FLINT (WJRT) (12/20/2018) - 115 degrees one day; and then, just above 40 degrees two days later. Teachers say extreme temperatures have been an issue at Flint schools for years.
"It's difficult. When kids get extremely hot, sometimes they get very fidgety and very active and can't concentrate; and then, other times they get so hot they go to sleep," explained United Teachers of Flint President Karen Christian. "So, the goal of trying to keep them occupied and keep them constantly learning is very difficult when you have extreme temps either way."
With the balanced calendar pushing the first day of school to August 12th, Christian said something has to change.
"The teachers voted it down every time because there was no plan," she said. "There were no answers. There was nothing given to us that would make us want to go to balanced calendar."
"That was literally the first thing that came up. What about the conditions in our buildings?" Superintendent Derrick Lopez said.
So, he immediately went to work coming up with a plan for a self-renewal project."

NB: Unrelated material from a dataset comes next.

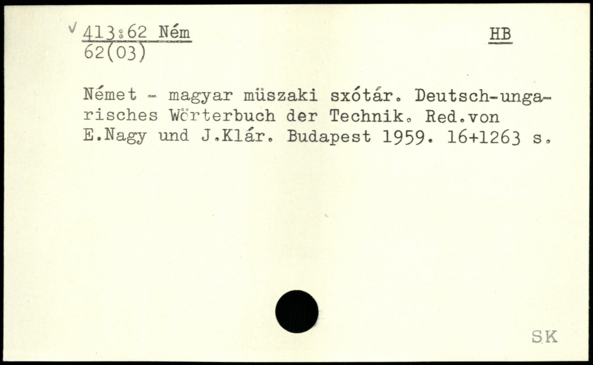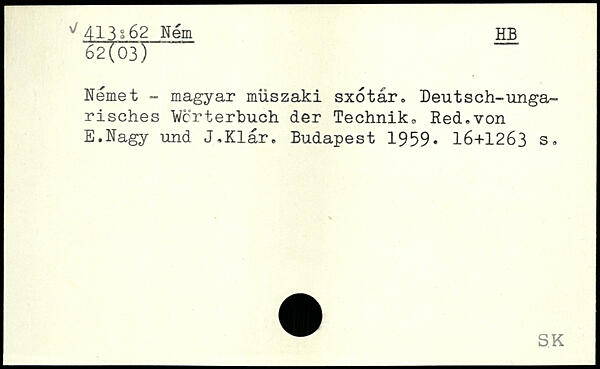 Nemet - magyar müszaki sxotar. Beutsch-ungarisches Wörterbuch der Technik, Red.von E.Nagy und J.Klar.

"That is how we fund some of our renovations, through the savings that we would actually have bringing our buildings up to a standard of efficiency," he explained.

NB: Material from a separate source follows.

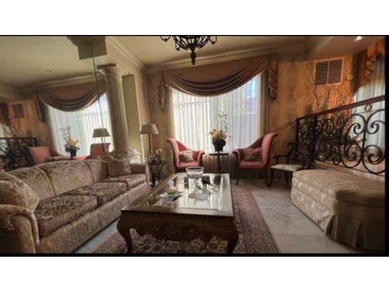 Planta baja. Sala, comedor, cocina integral con granito, sala de TV, antecomedor, biblioteca, oficina, lavandería, cuarto de servicio, 2.5 baños, cochera para 4 automóviles, gran área de asador.
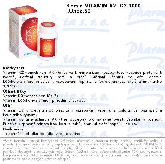 Biomin VITAMIN K2+D3 1000 I.U.tob.60

He's hoping that plan will raise $5.5 million over time, on top of the $3 million expected from a state grant for infrastructure at Doyle Ryder.

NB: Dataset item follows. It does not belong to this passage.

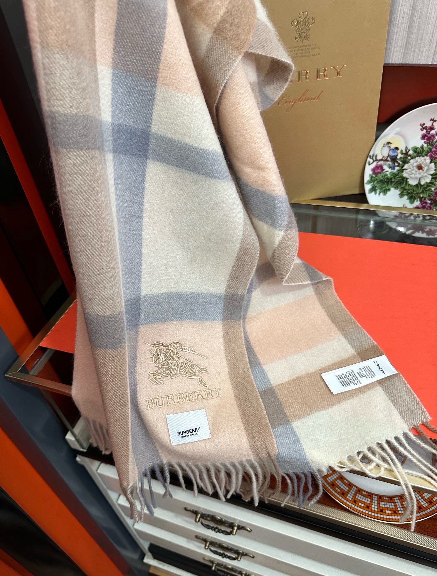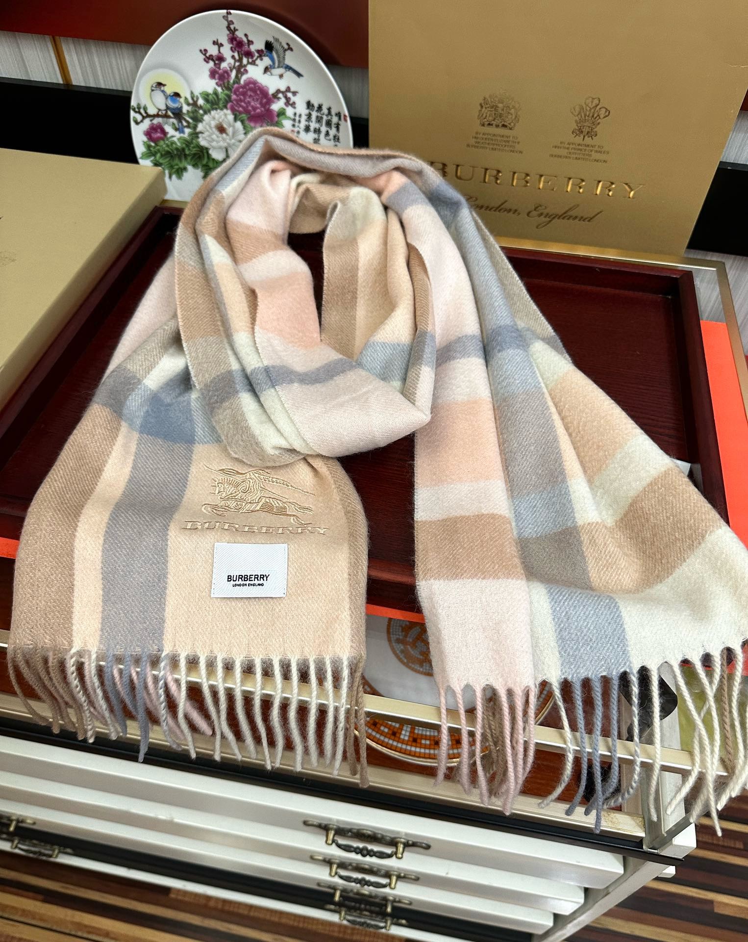 Burberry War Horse Embroidered Scarf 85% Cashmere 32*180cm Accessories

Superintendent Lopez is already working with Johnson Controls and other vendors to make his plan a reality by the 2019-2020 school year.
"It may be window units, it may be just there might be a bank of units on the side of the building that have air conditioning, as well as heating mechanisms," he said. "So, that are kids will be safe and our teachers will be comfortable as they teach the kids."
"I saw the plan. The plan looks good. I want to see it come to fruition that's the big thing," Christian added.
The investment in changes at Southwestern Classical Academy has us asking what about the talks of re-opening Central High School? Superintendent Lopez is hoping to re-develop the space over the next few years. He said they'd have to knock it down, but he'd like to keep the cornerstones, eventually moving the high school here.